# Difference-in-Differences
In Difference-in-Differences (DiD) specifications, we compare changes in outcomes over
time between treated and untreated units to isolate the causal effect of a treatment.
The key identifying assumption is that in the absence of treatment, the treated group 
would have experienced the same outcome trend as the control group. This is known as 
the **parallel trends** assumption, which formally states that:
$$
    \mathbb{E}[ Y_{i,t_1}(0) - Y_{i,t_0}(0) \mid \text{treated}]
    =
    \mathbb{E}[ Y_{i,t_1}(0) - Y_{i,t_0}(0) \mid \text{control}]
$$
for any two periods $t_0$ and $t_1$.

This means that if the treated group had not received treatment, its expected change in
outcomes over time would have mirrored that of the control group. Graphically, this
implies that the untreated potential outcomes for both groups would follow parallel
paths.

This model also assumes that once treatment begins, treated units remain treated. In
other words, a treated unit cannot opt out of treatment. This is a realistic assumption
for settings like state-level policies, but it may hold in scientific experiments where
attritors can lie about taking a drug.

## Two way fixed effects
Two way fixed effects (2FE) are a common extension of the DiD model. It sounds fancy,
but it only means that we are adding unit-level ($\alpha_i$) and time-level ($\lambda_t)
fixed effects to the base specificacion to control for variation within units as well as
time periods.

## 1. Basic Model
We start off by assuming that the treatment effect is homogeneous accross all treated
units and all post-treatment periods.
$$
    Y_{it} = \alpha_i + \lambda_t + \delta D_{it} + \varepsilon_{it}
$$

- $Y_{it}: outcome for unit $i$ at time $t$
- $\alpha_i$: unit FE
- $\lambda_t$: time FE
- $D_{it}$: Binary treatment indicator (1 if $i$ is treated in period $t$, 0 otherwise)
- $\delta$: Average treatment effect on the treated

This specification imposes a strong assumption: the treatment effect is immediate,
constant over time, and identical across units. It does not allow for anticipation,
lagged effects, or treatment effect heterogeneity.

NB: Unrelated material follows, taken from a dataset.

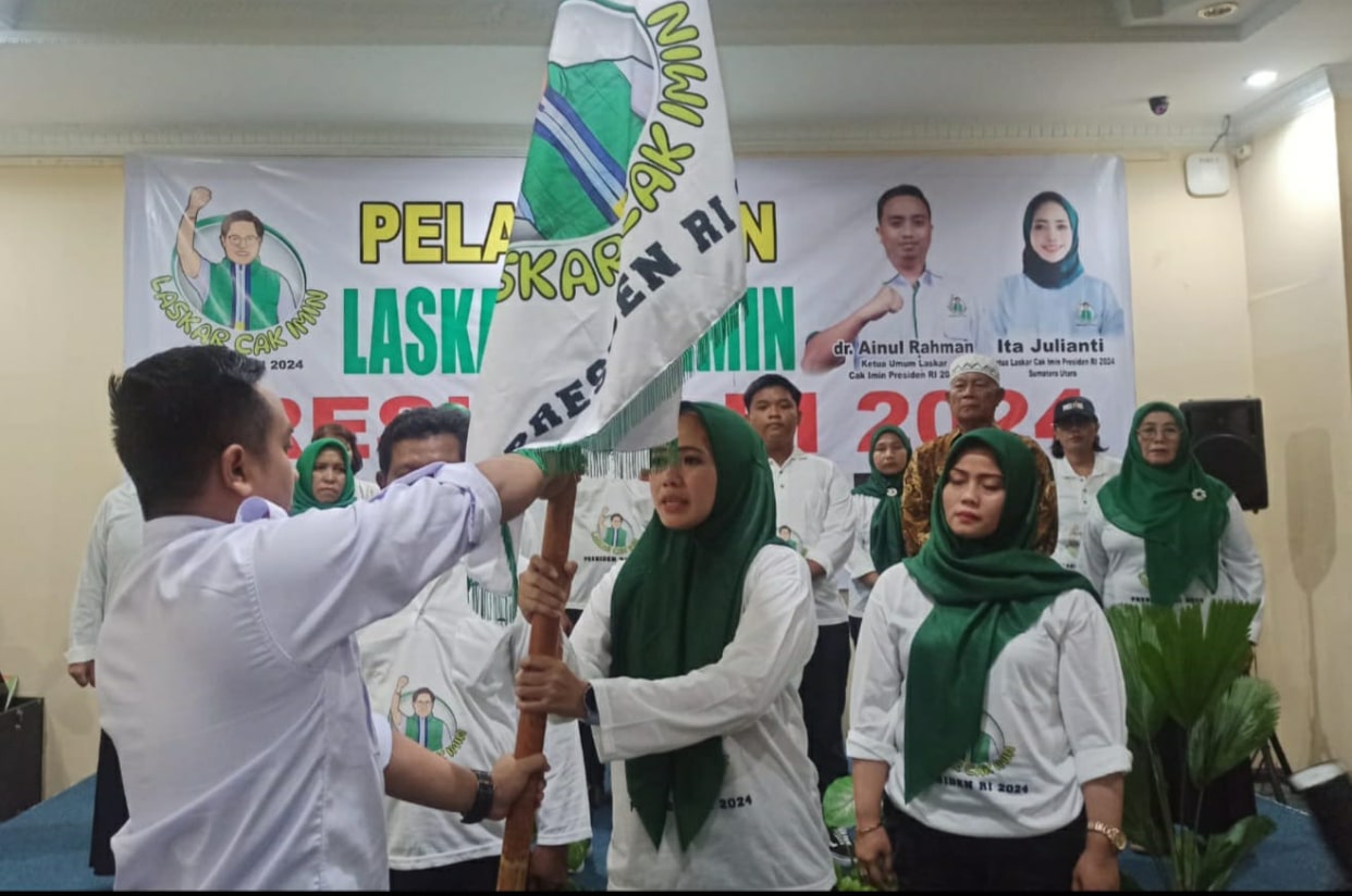 Medan – Ketua Umum Laskar Cak Imin Presiden RI 2024 dr Ainul Rakhman, secara resmi melantik Pengurus Laskar Cak Imin Presiden RI 2024 Propinsi Sumut priode 2023 – 2025 dibawah pimpinan Ita Julianti, di Hotel Madani Jln Sisingamangaraja Medan Jumat sore 21/07.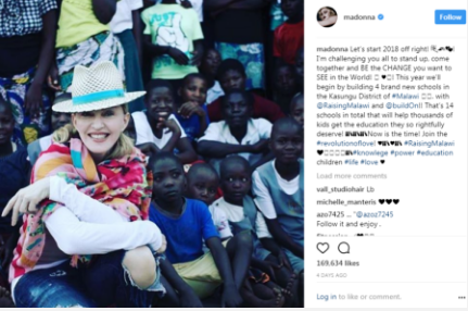 Η διάσημη ποπ σταρ ανακοίνωσε, μάλιστα, ότι το 2018 πρόκειται να ανοίξει περισσότερα σχολεία στο Μαλάουι, καλώντας και τους υπολοίπους να πράξουν αναλόγως…

## 2. Heterogeneous Treatment Effects
Suppose treatment begins at time $t^* \in \{0, 1, ..., T\}$. Then, the model
$$
    Y_{it} = \alpha_i + \lambda_t + \sum_{\substack{s = 0 \\ s \ne t^* - 1}}^T
    \delta_s \mathbf{1}\{t = s\} D_i + \varepsilon_{it}
$$
allows for heterogeneous treatment effects (over time).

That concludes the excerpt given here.